V8 has 16 servos. The simplest approach to control them would be to use 16 timers in PWM (Pulse Width Modulation) mode automatically driving 16 PWM output pins and let the mcu hardware do all of the work. Unfortunately, no AVR (as of today) has that many timers or PWM outputs, and most AVRs aren't even close. So instead, general purpose I/Os (Input/Output pins) need to be configured to be output pins and driven by software, and that software needs to be driven by some small number of interrupts. (It could also be done without using interrupts - however that requires cycle counting. Using interrupts, only the servo-timing code [for the most part] needs to deal with the trickiness of using interrupts. Using cycle counting would require that the timing of all of the code [not just the servo-timing code] be very carefully and dilligently controlled. That is unless you built a virtual machine on top of the mcu which could do this inherently. But I digress.)

Since interrupts must be used both to set each output pin high and to set it low, driving 16 servos actually requires 32 events to be scheduled. One idea would be to use a single interrupt, and schedule that interrupt to be triggered 32 times during each 20 msec period. To keep the scheduler simple (or more accurately, completely avoid the need for a proper scheduler), it would be nice if the order of the events were fixed. Since the length of the pulse required by each servo is (at least in theory) completely independent, this requires preventing the potential active periods from two servos from overlapping. (Otherwise their order might vary and then a dynamic scheduler is needed to sort things out.)

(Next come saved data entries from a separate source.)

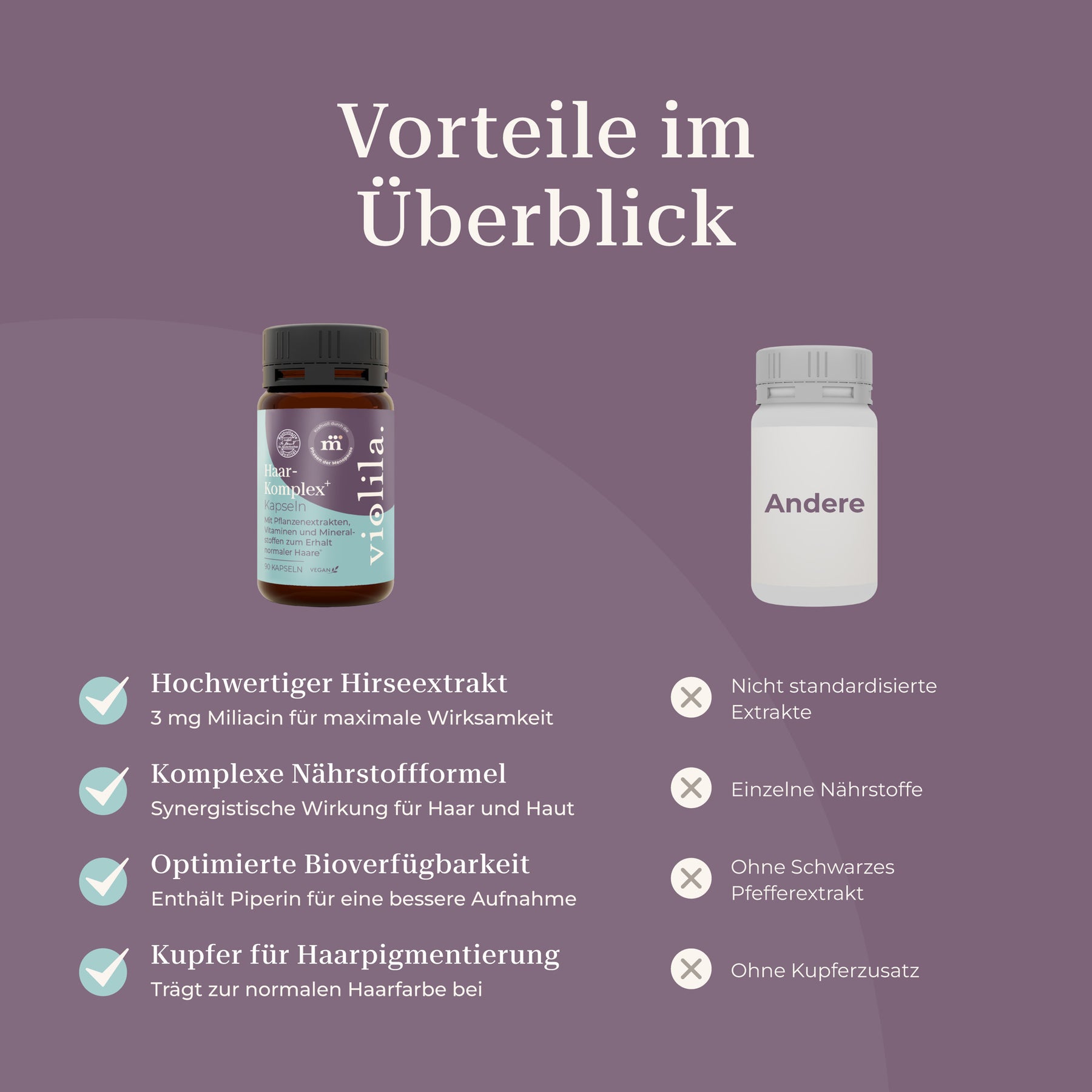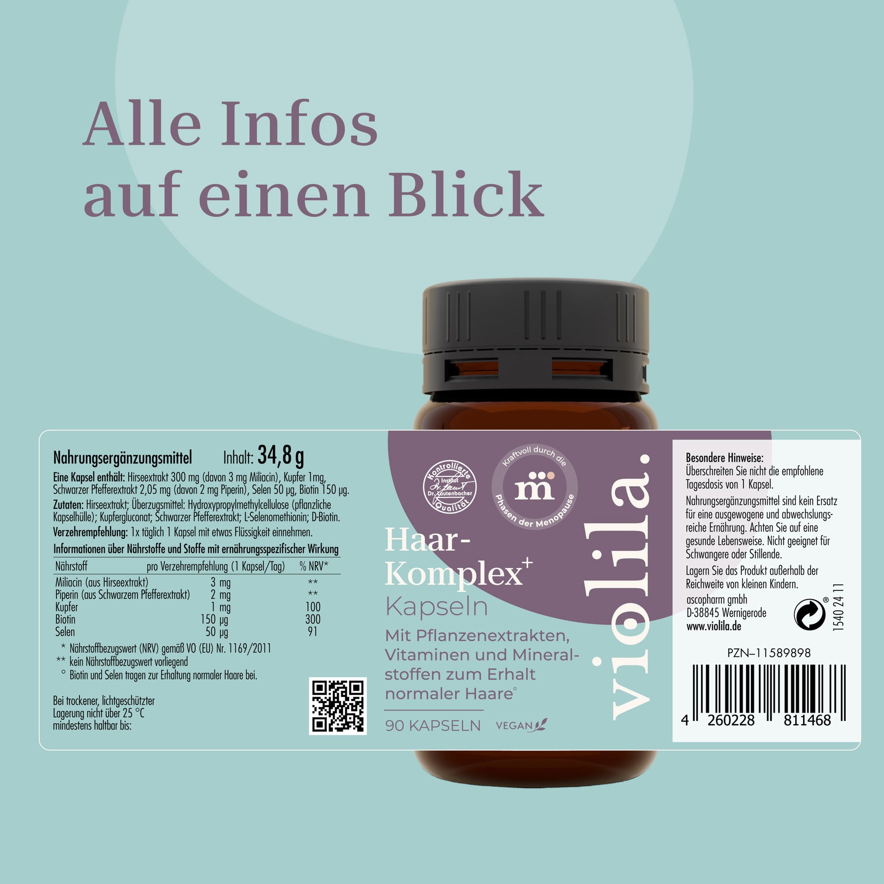 Hirseextrakt 300 mg (davon 3 mg Miliacin), Kupfer 1mg, Schwarzer Pfefferextrakt 2,05 mg (davon 2 mg Piperin), Selen 50 μg, Biotin 150 μg.
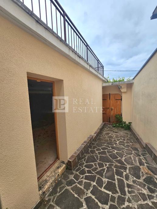 Kuća ima ulaz i sa stražnje strane, a ono što izdvaja ovu nekretninu od ostalih su visoki zidovi kojima je ograđeno cijelo prizemlje čime je zajamčena maksimalna privatnost budućeg kupca.
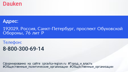 Dauken по адресу 192029, Россия, Санкт-Петербург, проспект Обуховской Обороны, 76 лит Р в дальнейшем Организация, размещена в следующих категориях:
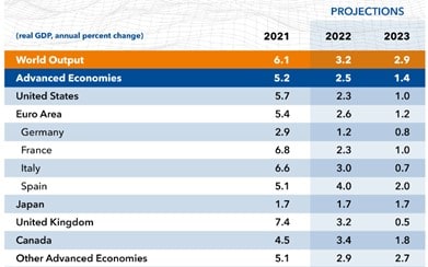 米国の2022年の成長率見通しは2.3%(4月3.7%)、23年は1.0%(4月2.3%)、中国は22年が2.6%(4月2.8%)、23年は1.2%(4月2.3%)とそれぞれ下方修正された。世界的な物価高や欧米の急速な金融引き締め、中国ではロックダウンが影響して、先行きは厳しい見方となった。
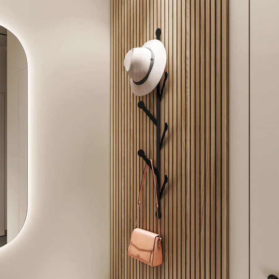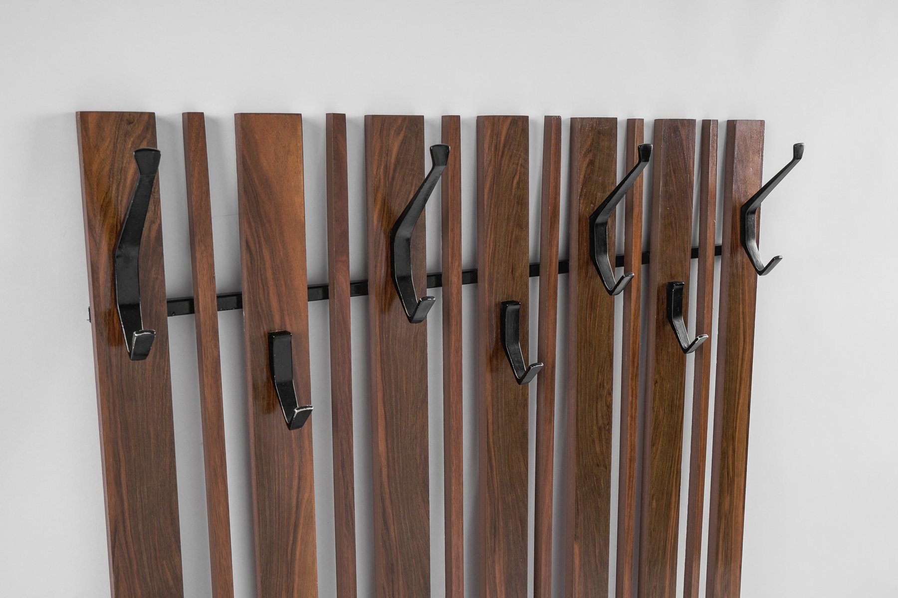 Appendiabiti Da Parete In Legno Di Noce Con Ganci Neri, Anni '60 In
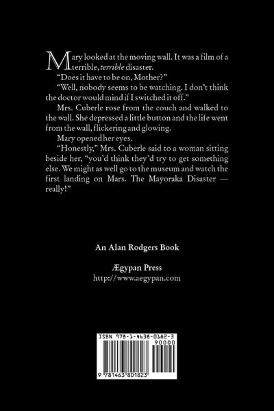 Mary looked at the moving wall. It was a film of a terrible, terrible disaster. "Does it have to be on, Mother?" "Well, nobody seems to be watching. I don't think the doctor would mind if I switched it off." Mrs. Cuberle rose from the couch and walked to the wall. She depressed a little button and the life went from the wall, flickering and glowing. Mary opened her eyes. "Honestly," Mrs. Cuberle said to a woman sitting beside her, "you'd think they'd try to get something else. We might as well go to the museum and watch the first landing on Mars. The Mayoraka Disaster -- really!"
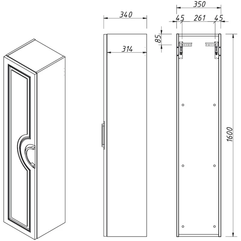 Пенал подвесной Caprigo Valletta L 35350L-TP811 купить в Гомеле, цена
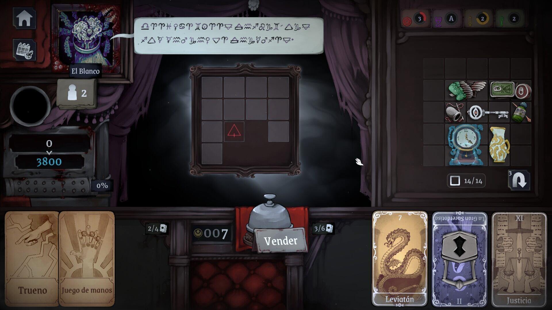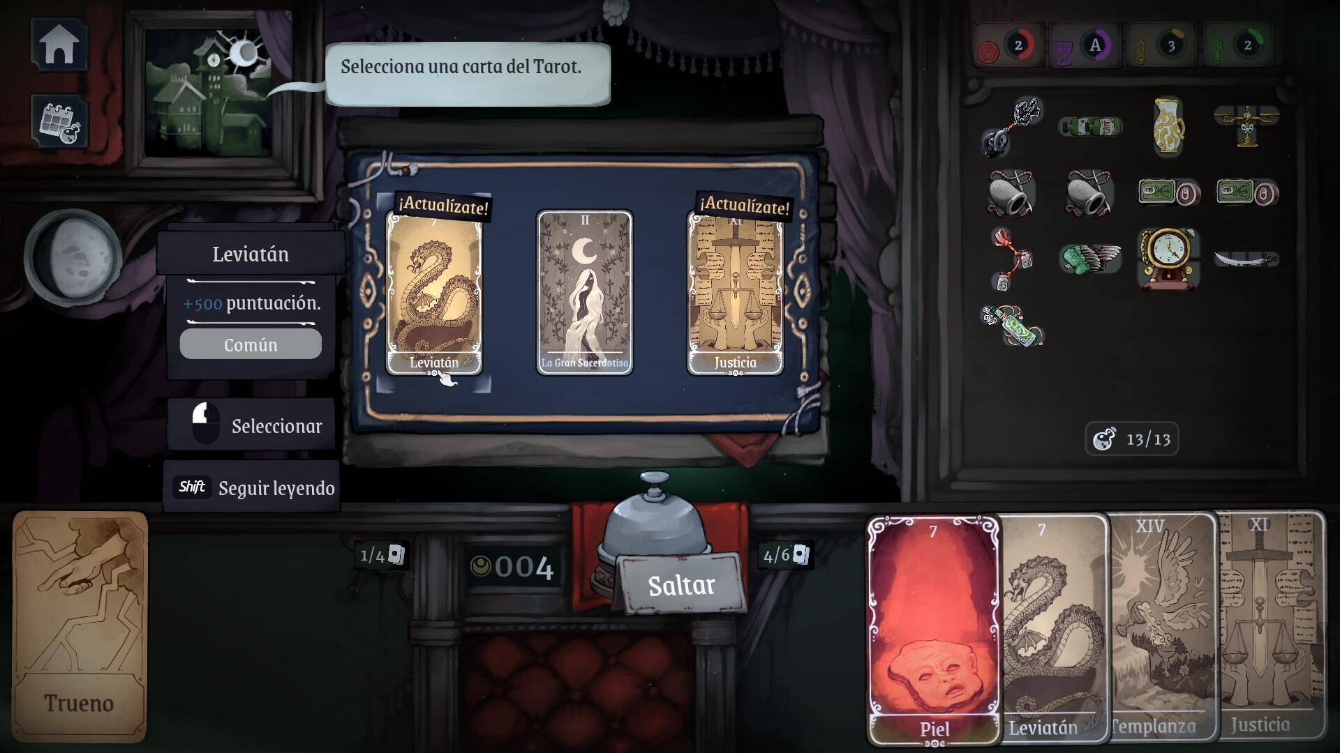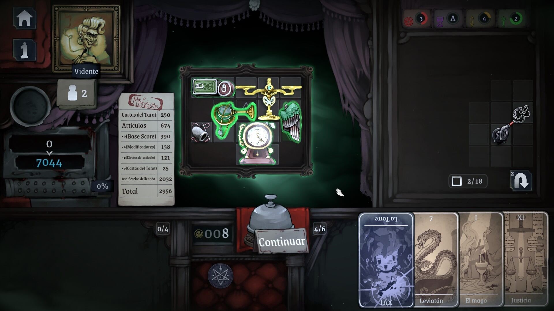 Ahora bien, para llegar a la puntuación requerida podemos usar los arcanos del tarot, los cuales nos darán una serie de modificadores para ayudarnos a alcanzar la puntuación necesaria para poder seguir vivos. Estas cartas pueden ir mejorándose con el -poco- dinero que obtendremos al finalizar el día, pero como también podremos comprar diferentes objetos tendremos que elegir bien qué nos interesa más: si mejorar ese bonificador para que en lugar de 500 nos sume 1000 al multiplicador o si queremos un nuevo objeto para tener más mercancía y así poder cubrir nuestra deuda.
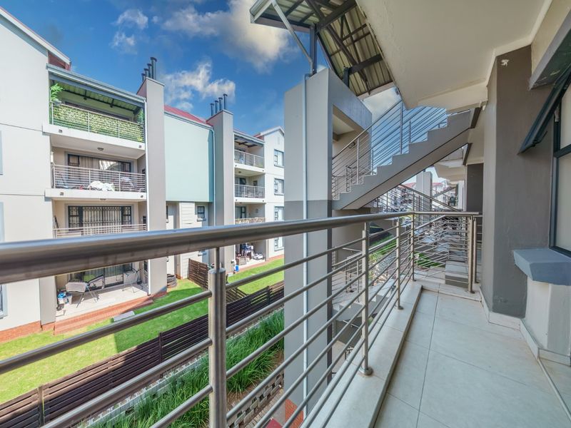 Effortless lock-up-and-go living in Modderfontein's Edenvale pocket, with sunlit open-plan spaces and balcony, a communal garden and fenced pool with braai; one-bedroom en suite, carport.
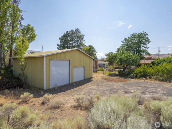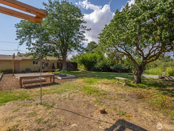 Spacious lot that is a gardeners dream. 3 bedroom 1.5 bath home has UGS, fenced, garden boxes, and attached garage plus a shop. This 1 story home with a basement has a fireplace in the living room, hardwood floors, updated bathroom. Primary suite has a 1/2 bath and doors to the back deck with a built in hot tub. The basement is finished log cabin style and would be a great secondary living room, bedroom (add an egress window), office, etc. 768 square foot detached shop, partial concrete flooring for work area, dirt/rock floor in the garage bays, 2 doors and lots of extra parking and convenient location off of Nat. Wa Way. New heat pump last year and a great location, charming house!
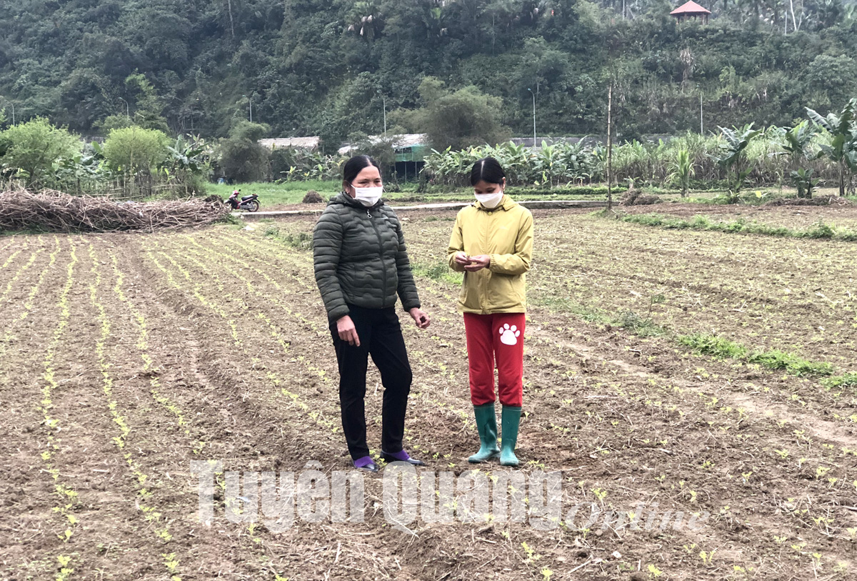 Đồng chí Nguyễn Thị Bích (bên trái), Bí thư chi bộ tổ dân phố Nà Khà, thị trấn Lăng Can (Lâm Bình) thăm vườn lạc
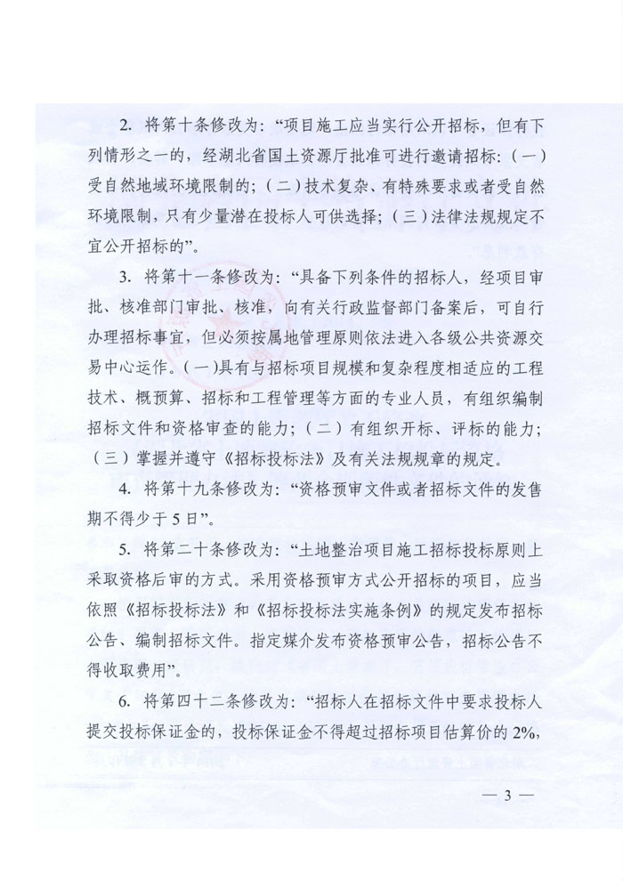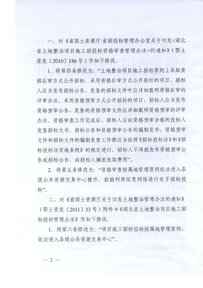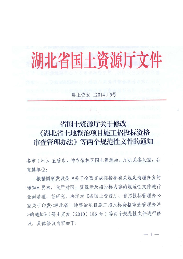 湖北省國土資源廳關(guān)于修改《湖北省土地整治項(xiàng)目施工招投標(biāo)資格審查辦法》等兩個(gè)規(guī)范性文件的通知
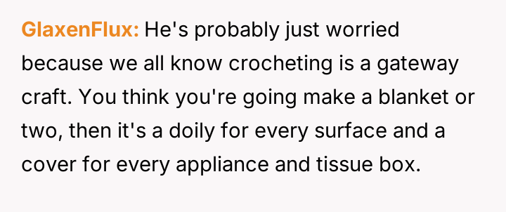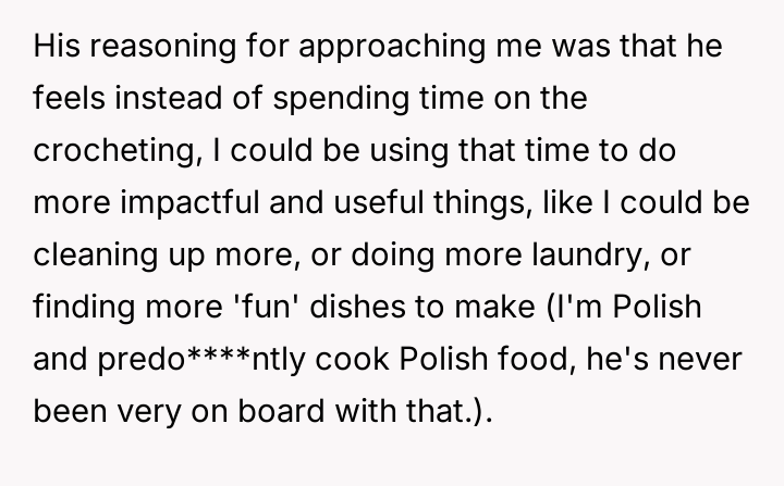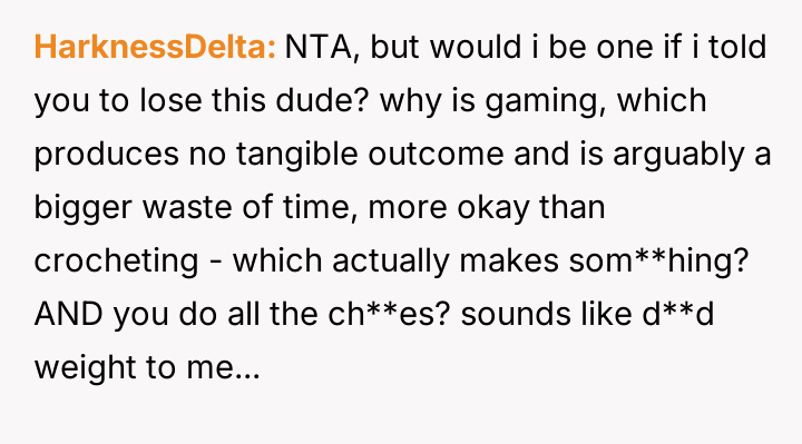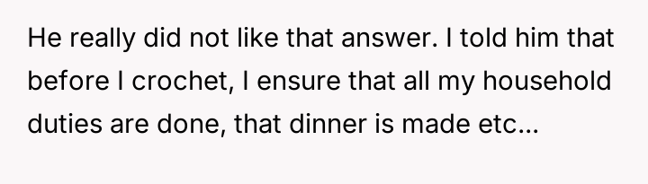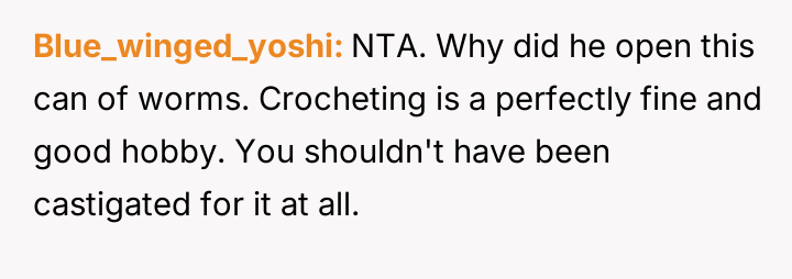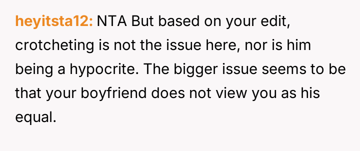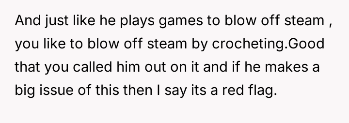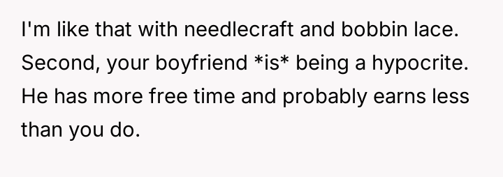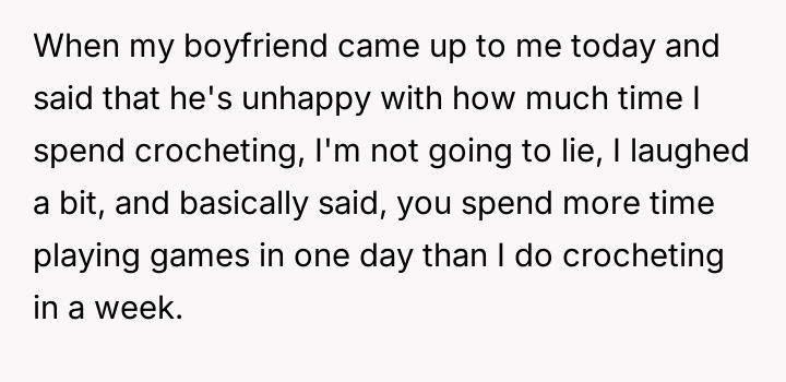 AITA for calling my boyfriend a hypocrite when he told me to stop spending so much time on my crotcheting?
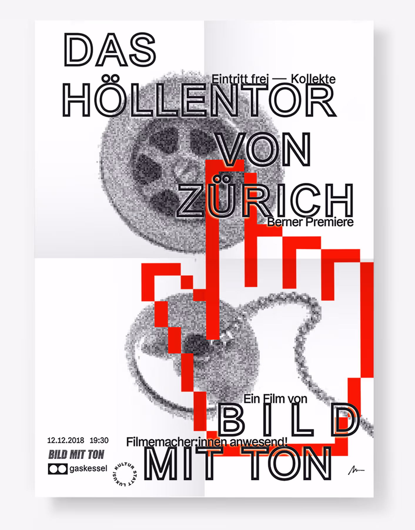 Plakat für das Filmscreening von «Das Höllentor von Zürich» im Gaskessel Bern. Das Sujet leitet sich aus der Filmhandlung ab: Der Finger der Protagonistin bleibt in der Badewanne stecken.
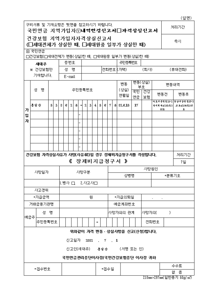 국민연금 지역가입자□내역변경신고서□자격상실신고서
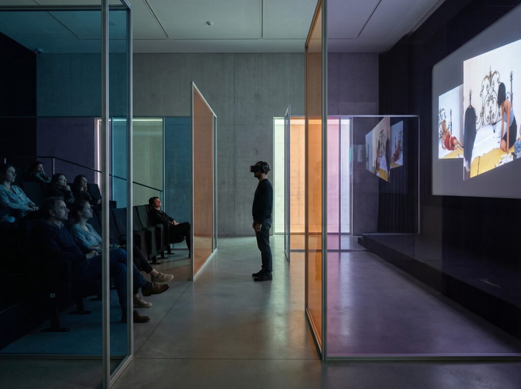 Une reconstruction d’une scène du Mépris dans un espace 3d. La navigation spatiale prend la place du montage temporel.

For example, we could try to repeat the following during each 20 msec period:

Interrupt Trigger Count Servo Output New Output Setting
1 1 high
2 low
3 2 high
4 low
5 3 high
6 low
... ... ...
31 16 high
32 low
Single Interrupt Drives 16 Servos

Single Interrupt Drives 16 Servos
Interrupt Trigger Count	Servo Output	New Output Setting
1	1	high
2	low
3	2	high
4	low
5	3	high
6	low
...	...	...
31	16	high
32	low

However, there is a problem with that idea. Say servo #1 turns on at time 0. Then servo #1 may turn off any time between 0.5 msec and 2.25 msec. So the period from 0 to 2.25 msec is the active period for servo #1. (This is modulus 20 msec. Since each servo needs to be triggered every 20 msec, the period from 20+0 to 20+2.25 msec is also the active period for servo #1.) In other words, using this scheme a 20 msec period only allows for the scheduling of at most floor(20 / 2.25) = 8 servos on a single interrupt. Since V8 has 16 servos, we need two interrupts. So the real picture looks like this:

InterruptA Trigger Count Servo Output New Output Setting Time (msec, modulus 20 msec)
1 1 high 0
2 low 0 + servo #1 pulse width
3 2 high 2.5
4 low 2.5 + servo #2 pulse width
5 3 high 5
6 low 5 + servo #3 pulse width
... ... ... ...
15 8 high 17.5
16 low 17.5 + servo #8 pulse width
First Interrupt (InterruptA) Drives First 8 Servos

First Interrupt (InterruptA) Drives First 8 Servos
InterruptA Trigger Count	Servo Output	New Output Setting	Time (msec, modulus 20 msec)
1	1	high	0
2	low	0 + servo #1 pulse width
3	2	high	2.5
4	low	2.5 + servo #2 pulse width
5	3	high	5
6	low	5 + servo #3 pulse width
...	...	...	...
15	8	high	17.5
16	low	17.5 + servo #8 pulse width

InterruptB Trigger Count Servo Output New Output Setting Time (msec, modulus 20 msec)
1 9 high 0
2 low 0 + servo #9 pulse width
3 10 high 2.5
4 low 2.5 + servo #10 pulse width
5 11 high 5
6 low 5 + servo #11 pulse width
... ... ... ...
15 16 high 17.5
16 low 17.5 + servo #16 pulse width
Second Interrupt (InterruptB) Drives Next 8 Servos

Second Interrupt (InterruptB) Drives Next 8 Servos
InterruptB Trigger Count	Servo Output	New Output Setting	Time (msec, modulus 20 msec)
1	9	high	0
2	low	0 + servo #9 pulse width
3	10	high	2.5
4	low	2.5 + servo #10 pulse width
5	11	high	5
6	low	5 + servo #11 pulse width
...	...	...	...
15	16	high	17.5
16	low	17.5 + servo #16 pulse width

Now for some (most serendipitous) details...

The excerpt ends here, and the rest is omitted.